/ 2 January 2001

Democracy no cure-all for Ghana?s economy

GHANA, while poised to consolidate its democracy with the first transfer of power from one civilian president to another since independence, will remain beset by economic woes for some time to come, analysts say.

Ghanaians voted this week to elect a successor to President Jerry Rawlings, who must step down after ruling the country, once Africa’s richest colony, for nearly two decades.

It is the second round of elections which three weeks ago revealed a sea change in Ghanaian politics as the main opposition swept ahead of Rawlings’ National Democratic Congress (NDC) in parliament and its presidential candidate fell just short of winning an outright victory.

The strong opposition showing was seen as an indictment of the Rawlings legacy associated with human rights abuses, corruption and economic mismanagement.

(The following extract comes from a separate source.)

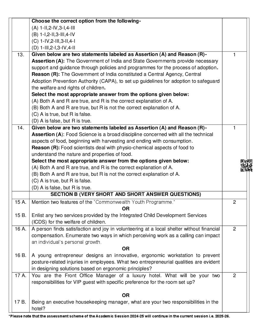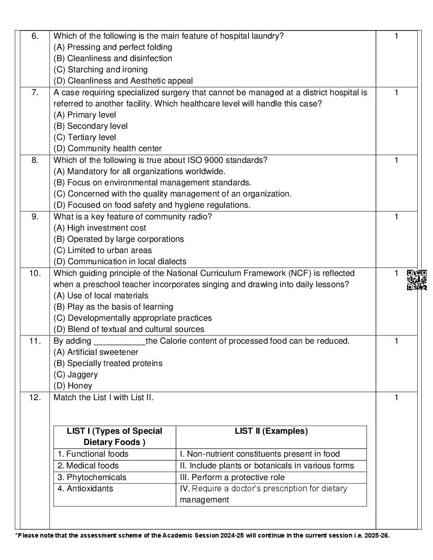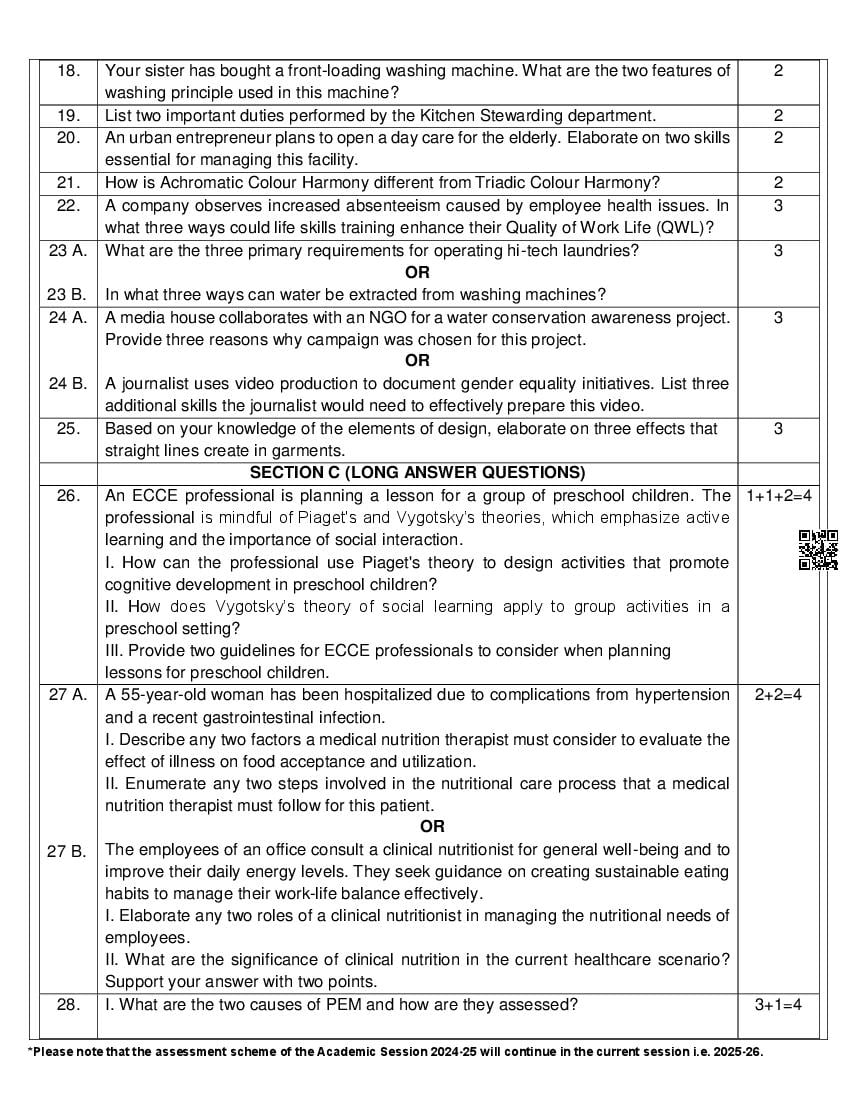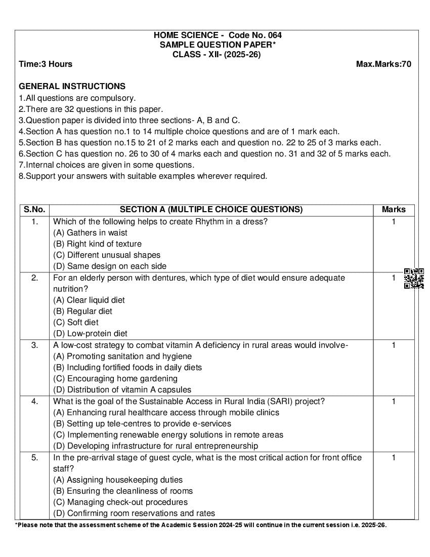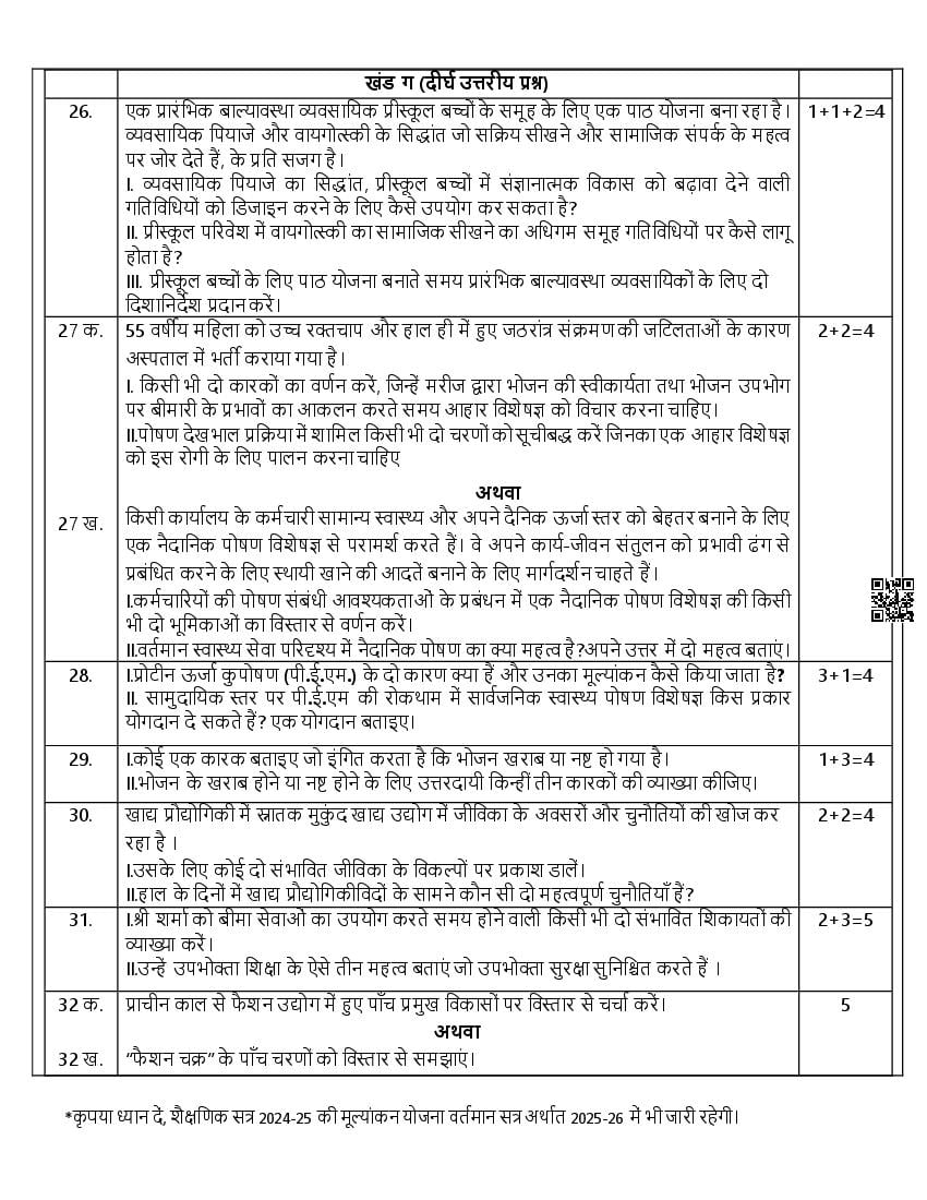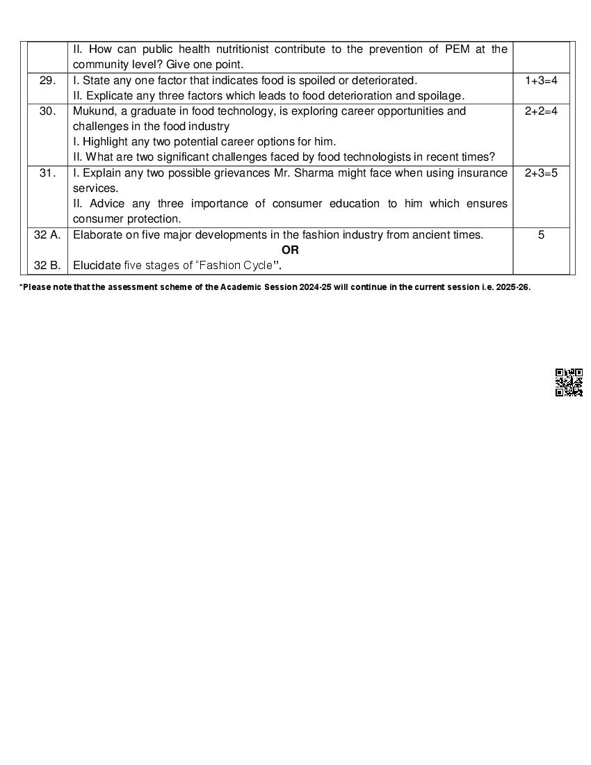 The complete CBSE class 12 Home Science sample paper 2026 is as follows. However the download link for cbse sample paper Home Science class 12 marking scheme is given above.
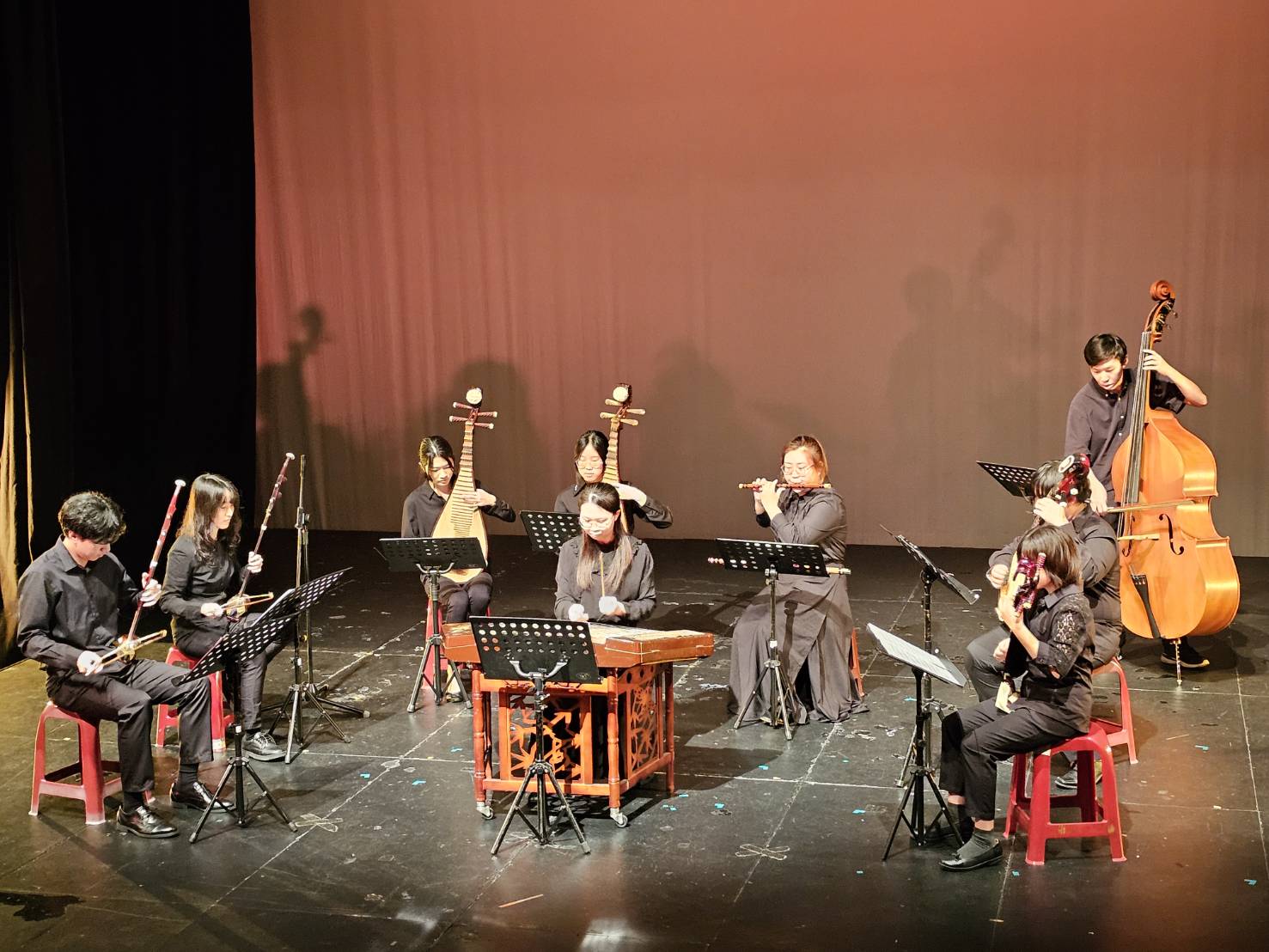 這次的成發以「流韻拾光」為主題,一共表演九首不同風格的曲目,像是傳統樂曲《良宵》、影視歌曲《大魚》,以及原住民歌謠《阿美阿美》,並在表演前講解曲目背景,讓對國樂不熟悉的觀眾也能一同享受樂聲交織出的音樂享宴。

Moreover, if on the back of the parliamentary gains the opposition presidential candidate, John Kufuor, wins, he will be in a position to don a brand new democratic mantle and take up a clean slate.

Emmanuel Aning, a public policy analyst at the Institute of Economic Affairs, said: “This is going to be a major transition if it is successful … the first major step towards consolidating the democratic process.”

However, a bleak economic outlook awaits Kufuor – or Rawlings’ chosen successor John Atta Mills – in the short and medium term, most observers believe.

Rawlings, in power since 1981 as military or civilian leader, signed on to western-mandated reforms in 1986, agreeing to turn the state-controlled economy established under founding father Kwame Nkrumah’s “African socialism” into a market economy.

The reforms have put a squeeze on finances, while attempts to reduce social fallout have been cost-intensive, especially during this election year, forcing heavy domestic borrowing.

External events have exacerbated things this year, notably sharp drops in world prices for Ghana’s top two foreign exchange earners, gold and cocoa, and a more than doubling of the price of oil.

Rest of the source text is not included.